Bernhard Braun spricht am Kaisersescher Bahnhof davon, dass Klimaschutz und die „Transformation der Wirtschaft“ verbunden werden müssten. „In einen Wasserstoffzug würde ich gerne einsteigen“, so Braun. Laut der Wochenzeitung „Die Zeit“ sind derzeit nur 61 Prozent der Bahnstrecken in Deutschland elektrifiziert, die restlichen Trassen werden mit Dieselloks betrieben. Das soll sich ändern, sagt Thorsten Müller vom SPNV. Es gebe die Forderung aus der Bahnbranche, dass ab dem Jahr 2024 keine neuen Dieselloks mehr in Betrieb genommen werden sollen.
Allerdings gebe es keine hinreichenden Erfahrungen zu den Alternativen, also wasserstoff- und batteriebetriebene Züge. Zwar gebe es Pilotzüge, diese würden allerdings nicht auf Strecken fahren, auf denen so viele Höhenmeter wie in der Eifel bewältigt werden müssten. Mitte des Jahrzehnts müsse man eine technologische Entscheidung treffen, da sei ein solches Projekt sehr wichtig. Und in Kaisersesch passe momentan vieles gut zusammen, so Müller. „Was hier passiert, ist genau richtig für uns.“
Landrat Manfred Schnur wirbt eindrücklich für die Machbarkeitsstudie. „Wir brauchen eine Grundlage für die weiteren Entscheidungen. Und mit einer Reaktivierung der Eifelquerbahn, die dann eingebunden ist in ein größeres Konzept für einen attraktiven ÖPNV und auch mit der großzügigen Unterstützung durch den Bund, kann hier eine Alternative weg vom Auto entstehen“, sagt er im Kreisausschuss. Die Entscheidung trifft der Kreistag am 24. August.

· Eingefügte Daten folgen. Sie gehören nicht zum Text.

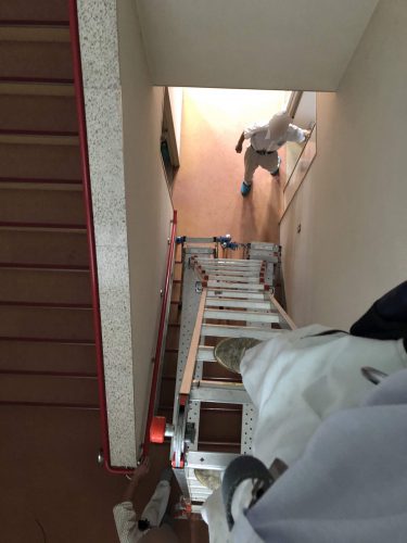 下方向の階段の上にも器具があるのですが脚立が届かなくなるので足場を組んでその上に脚立を建てて作業を行いました。

Der Zeitplan für das Projekt ist ambitioniert. Ab 2023 könnte in Kaisersesch Wasserstoff produziert werden. Es wäre wünschenswert, wenn dann auch ein entsprechender Zug zur Verfügung stehen würde, so Müller. Die DB-Regio habe grundsätzlich Interesse an dem Projekt.
Auch Einzelheiten werden schon besprochen. So soll der Wasserstoff „als Öl“ per Lkw von Kaisersesch nach Mayen transportiert werden. Auch ein Test für Speichertechnologien, erklärt Dr. Jörg Heinen von Innogy.